GST Updates

Know the Provisions relating to Assessment under GST-Assessment of Unregistered Persons- Section 63 of CGST Act, 2017

Know the Provisions relating to Assessment under GST-Assessment of Unregistered Persons- Section 63 of CGST Act, 2017

 

Relevant Section-: Section 63 of CGST Act, 2017

 

Applicable Rule- Rule 100 of CGST Rules 2017

 

Applicable Forms:

ASMT-14: Show Cause Notice for assessment under section 63

DRC-01- Summary of Show Cause Notice-to be served electronically

ASMT-15: Assessment order under section 63

DRC-07: Summary of the order-To be uploaded electronically

 

  1. Applicability of Section

Section uses the word “Taxable Persons”. Taxable Persons has been defined under provisions of CGST Act as a person who is registered or liable to be registered under the provisions of Section 22 or Section 24 of CGST Act, 2017. Provisions of this section are applicable in following two scenarios:

a) Taxable person fails to obtain registration even though liable to do so: A person who was liable to be registered under the provisions of section 22 or section 24 of the CGST Act, 2017 but fails to obtain registration would be covered under the provisions of this section.

 b) Taxable person whose registration has been cancelled under sub-section (2) of section 29 but who was liable to pay tax-Registration can be cancelled by Proper Officer in the circumstances as mentioned in Section 29(1) or Section 29(2) of CGST Act, 2017. Section 29(1) provides cancellation of registration either on the application of the registered person or on own motion by the proper officer. Section 29(1) provides for cancellation of registration under following scenarios:

  • the business has been discontinued, transferred fully for any reason including death of the proprietor, amalgamated with other legal entity, demerged or otherwise disposed of; or
  • there is any change in the constitution of the business; or
  • taxable person, other than the person registered under sub-section (3) of section 25, is no longer liable to be registered under section 22 or section 24.
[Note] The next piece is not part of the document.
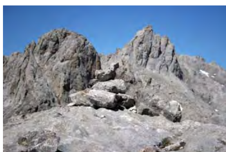
Cima de la Torre Altaiz, 2335 metros

El punto más alto de esta pirámide caliza es la cota del Pico San Carlos. En realidad, Altaiz no es más que una cima secundaria suya. Salimos hacia la izquierda y esquivamos por el Sur un resalte rocoso; posteriormente pasamos por la horcada que marca la salida de la clásica vía de la Canal Norte. Remontamos por las llambrias y coronamos por fin (2390 metros) en unos 20 minutos desde Altaiz.

Section 63 does not cover situations wherein registration is cancelled under Section 29(1) of CGST Act, 2017 since under all the situations given therein, person is no longer liable to pay tax in future period and for the period prior the date of cancellation, liability is covered by the provisions of Section 29(3) which provides that cancellation of registration under this section shall not affect liability of person to pay tax and other dues under this Act or to discharge any obligation under this Act or rules made thereunder for any period prior to date of cancellation whether or not such tax and other dues are determined before or after date of cancellation.

Section 29(2) provides power to the proper office to cancel the registration of a person from such date including any retrospective date, as he may deem fit. The situations which are provided under Section 29(2) for cancellation of registration are as follows:

  • Registered person has contravened such provisions of the Act or the rules made thereunder as may be prescribed: – Rule 21 provides that registration granted to a person is liable to be cancelled If he does not conduct any business from the declared place of business; or issues invoice or bill without supply of goods or services in violation of the provisions of this Act, or the rules made thereunder; or violates the provisions of section 171 of the Act or the rules made thereunder
  • Person paying tax under section 10 has not furnished returns for three consecutive tax periods; or
  • Any registered person, other than a person specified in clause (b), has not furnished returns for a continuous period of six months; or
  • Any person who has taken voluntary registration under sub-section (3) of section 25 has not commenced business within six months from the date of registration; or
  • Registration has been obtained by means of fraud, wilful misstatement or suppression of facts.

 

  1. Section 62 creates an overriding impact over provisions of Section 73 and 74 of CGST Act, 2017

Section 62 creates an overriding impact over anything contrary contained in provisions of Section 73 and 74 of CGST Act, 2017.

 

  1. Assessment of tax Liability to best of judgement of Proper officer

Proper officer may proceed to assess tax liability of the said person to the best of his judgement for the relevant tax periods.  There is one clear distinction between the provisions of Section 62 and 63. Section 62 which provides for assessment of non-filers of return provides that proper officer may proceed to assess tax liability of the said person to the best of his judgement taking into account all the relevant material which is available or which he has gathered. Therefore, proper officer has to take into account all the relevant material which is available on record or he has gathered. However, provision of section 63 does not provide for taking into consideration of material on record or material which he has gathered.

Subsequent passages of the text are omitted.